O «Jornal de Notícias», dirigido por Alfredo de Figueiredo e com 42 mil exemplares de tiragem diária, já é o jornal com maior circulação no norte do país.
Faltam 239 dias para a instauração da República.
No Centenário: quando a Inglaterra visitou Portugal
9 de Agosto de 1902, consagra o verdadeiro início do século XX na Inglaterra. Nesta data foi coroado Eduardo VII e a Europa despediu-se do longo período vitoriano, durante o qual conquistou o mundo e se forjaram novos Estados, pela unificação imposta por nações e exércitos. A Itália e a Alemanha tinham deixado de ser meras expressões geográficas e cumpriam o seu decisivo papel no frágil equilíbrio de forças plasmado em alianças que mantinham o staus quo de fronteiras e regimes.

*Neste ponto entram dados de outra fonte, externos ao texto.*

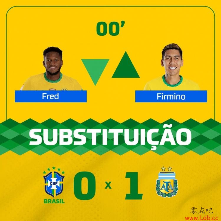 424?巴西半场换下弗雷德,菲尔米诺替补登场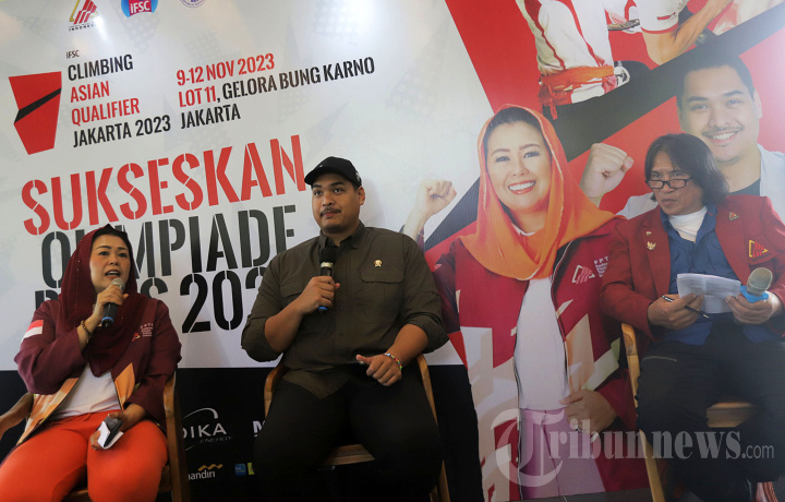 Ketua Umum (Ketum) Federasi Panjat Tebing Indonesia (FPTI) Yenny Wahid bersama Menteri Pemuda dan Olahraga Republik Indonesia (Menpora RI) Dito Ariotedjo saat konferensi pers IFSC Asian Qualifier 2023 di On3 Cafe Hutan Kota Gelora Bung Karno (GBK) Jakarta, Selasa (7/11/2023). Yenni menerangkan ada 95 atlet dari 15 negara di Asia yang akan bertanding dalam Asian Qualifier 2023 dan kategori yang akan dipertandingkan yaitu speed putra dan putri serta lead & boulder combine putra dan putri. Indonesia akan mengikutsertakan 12 atlet, meliputi tiga atlet putra dan tiga atlet putri untuk kategori speed, serta tiga atlet putri dan tiga atlet putra untuk kategori lead & boulder (combine). Tribunnews/Jeprima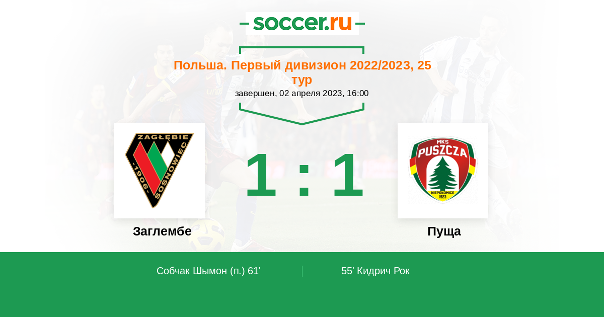 61' Гол с пенальтиЛоготип ЗаглембеСобчак Шымон - 1:1 (П)

Ascendendo ao trono aos sessenta anos, o monarca assistira ao longo processo de consolidação dos nacionalismos continentais e à rápida transformação imposta por uma revolução industrial que tendo na sua pátria o berço, rapidamente teve réplica além-Mancha, originando uma outra realidade política e económica que não deixava de ameaçar a até aí incontestada supremacia britânica.
Como Príncipe de Gales e sucessor designado de Vitória, viajou e conheceu os grandes vultos do seu tempo, fossem eles políticos, financeiros ou artistas. Conviveu com os parentes que ocupavam os mais importantes tronos da Europa e foi talvez o primeiro habitante das Ilhas Britânicas a verificar a vantagem implícita no conhecimento in loco de outras sociedades potencialmente rivais da sua. O Grand Tour onde criou fama de bon vivant frívolo e mulherengo, permitiu-lhe o estabelecimento de contactos que décadas mais tarde, seriam preciosos esteios de um Foreign Office sempre mal amado pelas chancelarias europeias.